Editors. “Constituent Assembly.” Britannica.
https://www.britannica.com/topic/Constituent-Assembly-Russian-government
Editors. “Kronstadt Rebellion.” Britannica.
https://www.britannica.com/event/Kronshtadt-Rebellion
Editors. “Russian Civil War | Casualties, Causes, Combatants, & Outcome.” Britannica.
https://www.britannica.com/event/Russian-Civil-War
Joignant, Alfredo and Garrido-Vergara, Luis. “Revisiting the Chilean Social Uprising: Explanations, Interpretations, and Over-Interpretations.” Latin American Research Review, 2025
Lenin, Vladimir. “The Russian Revolution and Civil War.” Marxists.org (1917). https://www.marxists.org/archive/lenin/works/1917/sep/29.htm .
Rosenberg, Arthur. A History of Bolshevism: From Marx to the First Five-Year Plan. Chapter 11.
https://www.marxists.org/archive/rosenberg/history-bolshevism/ch11.htm
Tauss, Aaron. “Argentina’s Recuperated Workplaces.” Workerscontrol.net. 2014.
https://www.workerscontrol.net/authors/argentina%E2%80%99s-recuperated-workplaces
Westmoreland, John. “Did Lenin inevitably lead to Stalin?”, Counterfire. 2020
https://www.counterfire.org/article/did-lenin-inevitably-lead-to-stalin
[1] [N. de la trad.] En inglés, ratchet effect. Recurriendo a la imagen de una rueda dentada unida a un eje de manera que esta sólo puede rotar en un único sentido (es decir, un mecanismo de trinquete), la expresión se utiliza metafóricamente para describir procesos —en el caso del texto, políticos— en los que cada acción sucesiva refuerza la tendencia marcada por la primera.

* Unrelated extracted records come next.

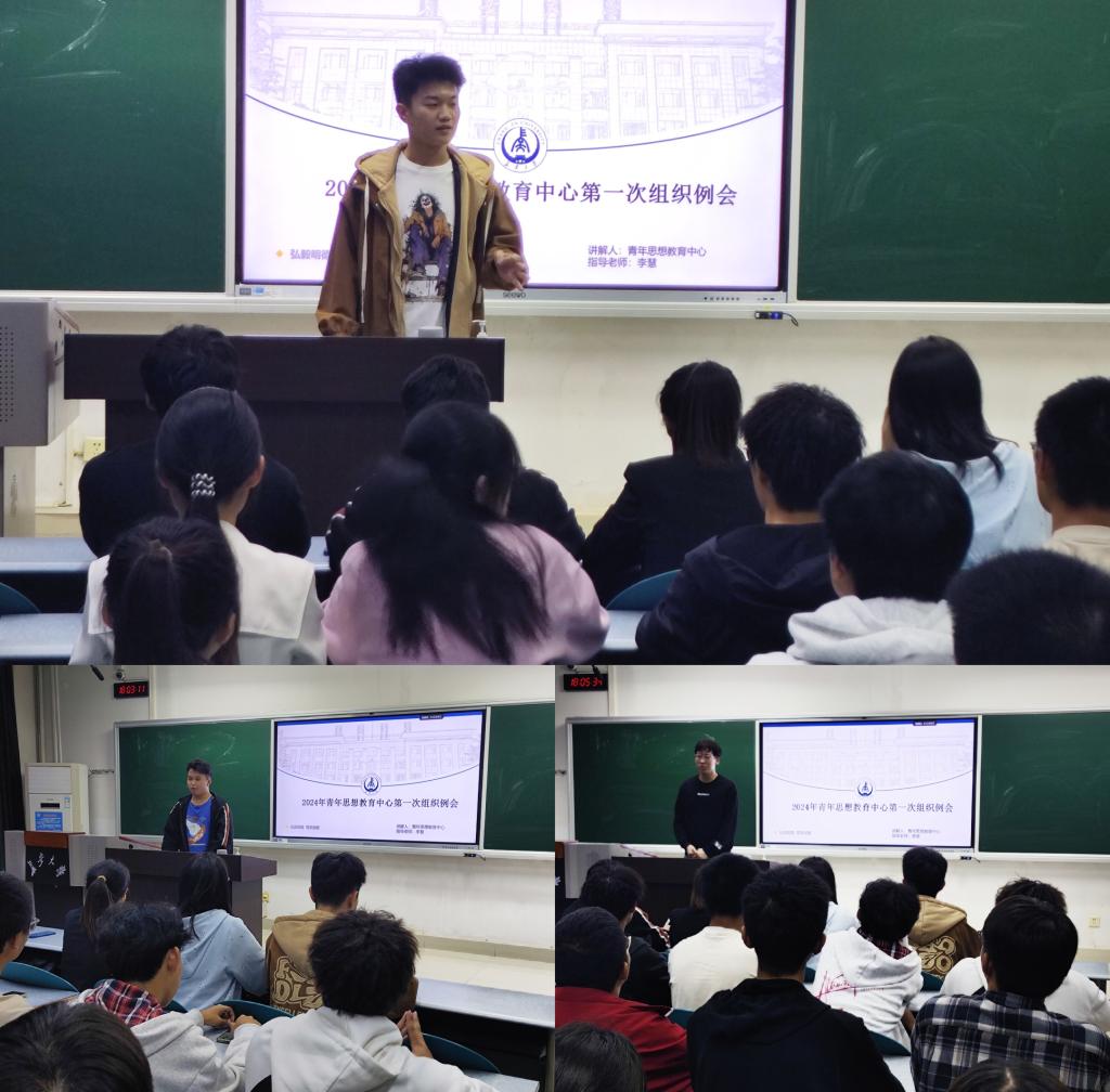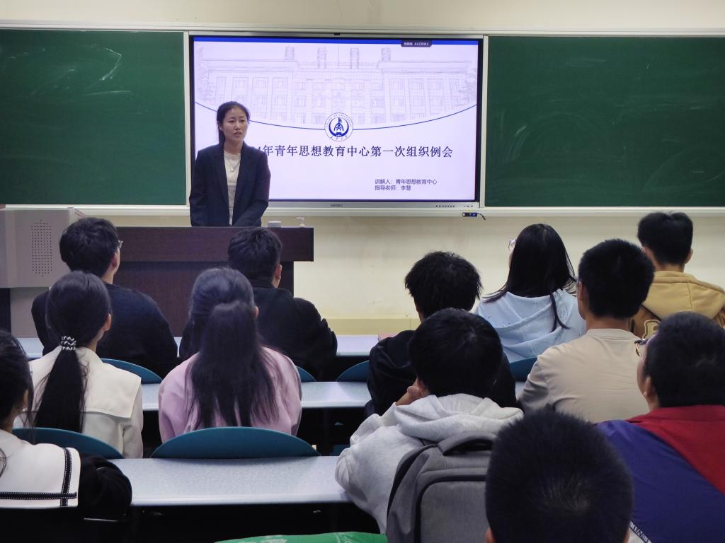 青年思想教育中心在北校区WM1102教室召开2024-2025学年第一次全体例会。青年思想教育中心指导老师李慧及全体成员参加会议,会议由唐紫妍主持。
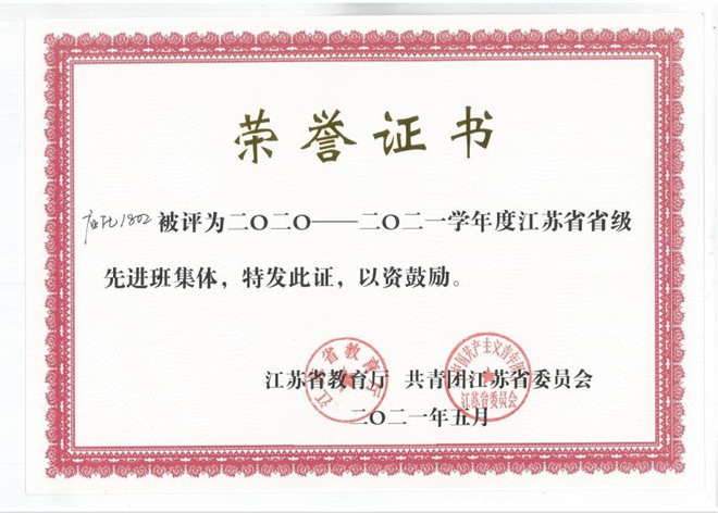应化1802班“江苏省省级先进班集体”荣誉证书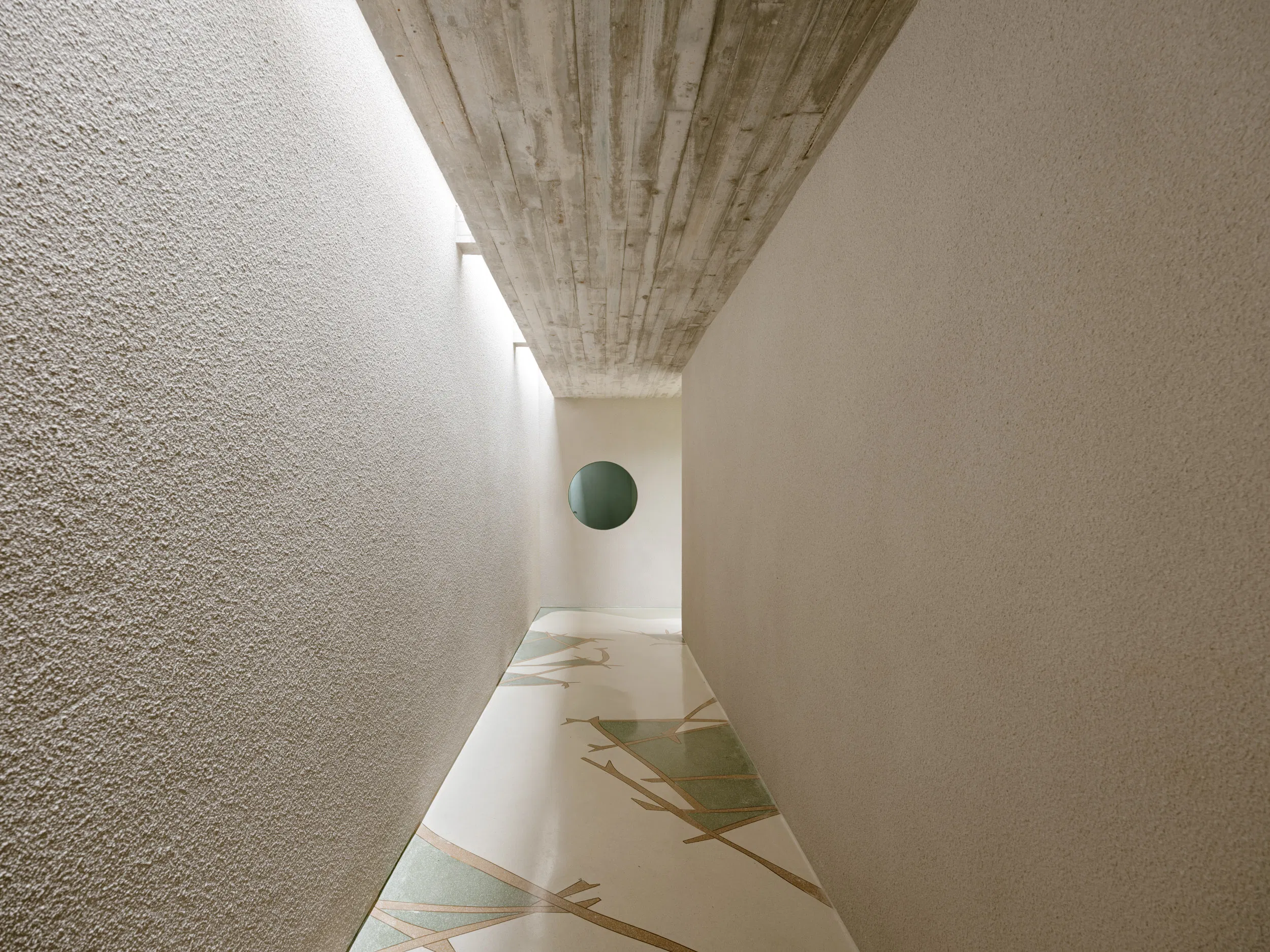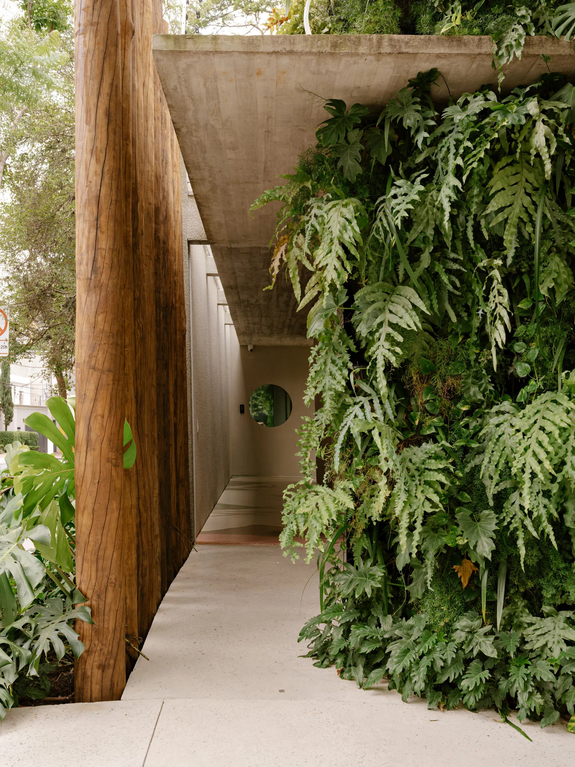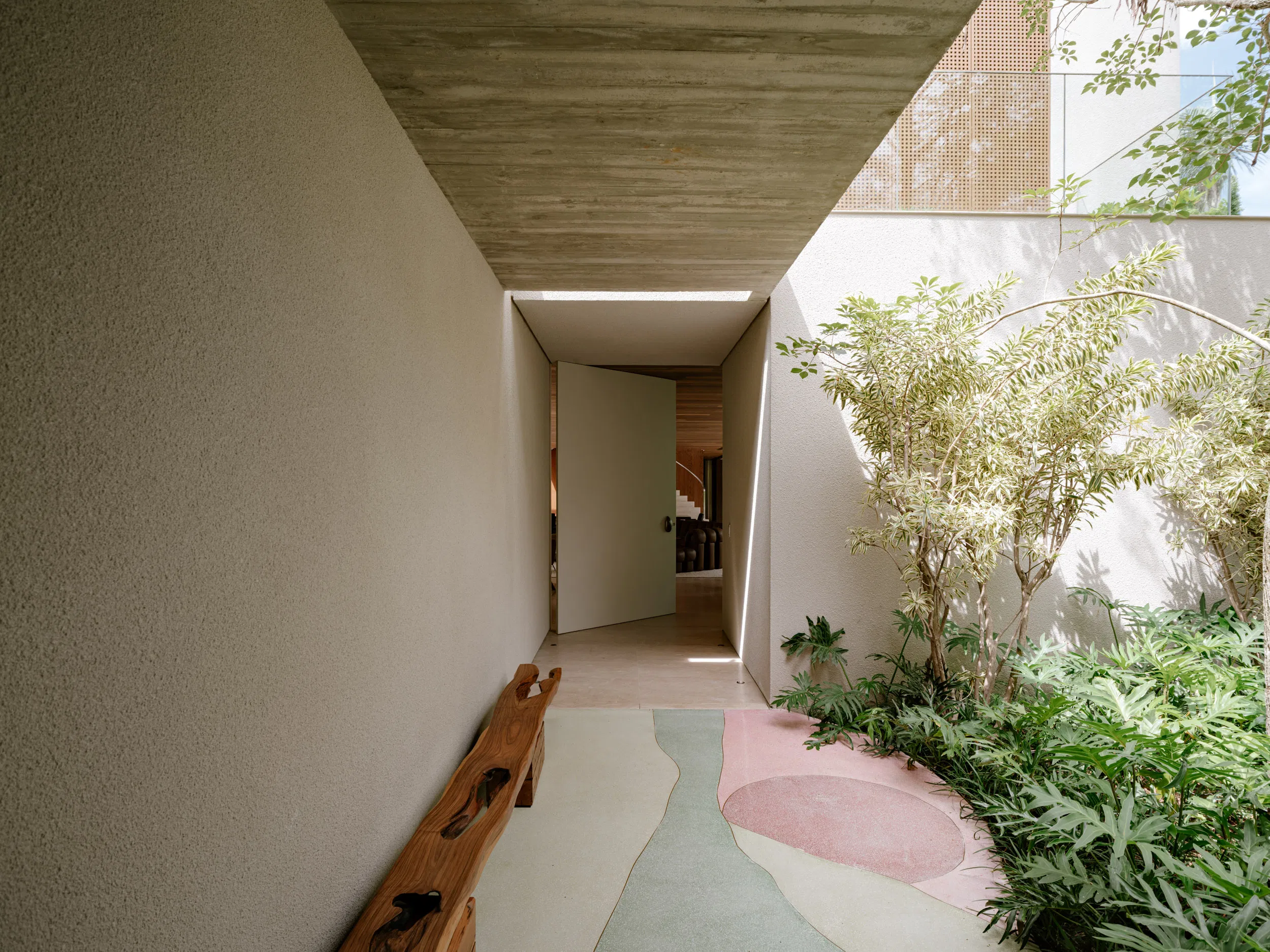 Arrival is marked by a linear entrance gallery that transitions gently from the public street into the private interior. Vertical wooden elements and dense tropical planting establish rhythm and depth, while an offset exposed-concrete canopy allows narrow shafts of daylight to trace the circulation path. A restrained use of color on the flooring introduces an artistic accent, reinforcing the contemplative character of the threshold.

[2] [N. de la trad.] Enmarcada dentro de la problemática general de la relación entre Partido y clase, es una expresión acuñada originalmente por Trotsky en su folleto de 1904, Nuestras tareas políticas, en polémica con las implicaciones prácticas de la concepción de la organización política de la fracción bolchevique del POSDR después de su II Congreso. Hace referencia al peligro de que, a la interna del Partido, «la organización del partido [sustituya] al partido, [el] comité central […] a la organización del partido y, finalmente, [el] dictador […] al comité central»; y, a la externa, «estos métodos se manifiestan en las tentativas para hacer presión sobre las otras organizaciones sociales utilizando la fuerza abstracta de los intereses de clase del proletariado y no la fuerza real del proletariado consciente de sus intereses de clase». Para una formulación actualizada de esta acusación desde el trotskismo más reciente, léase esta conferencia de 1960 de Tony Cliff sobre el tema.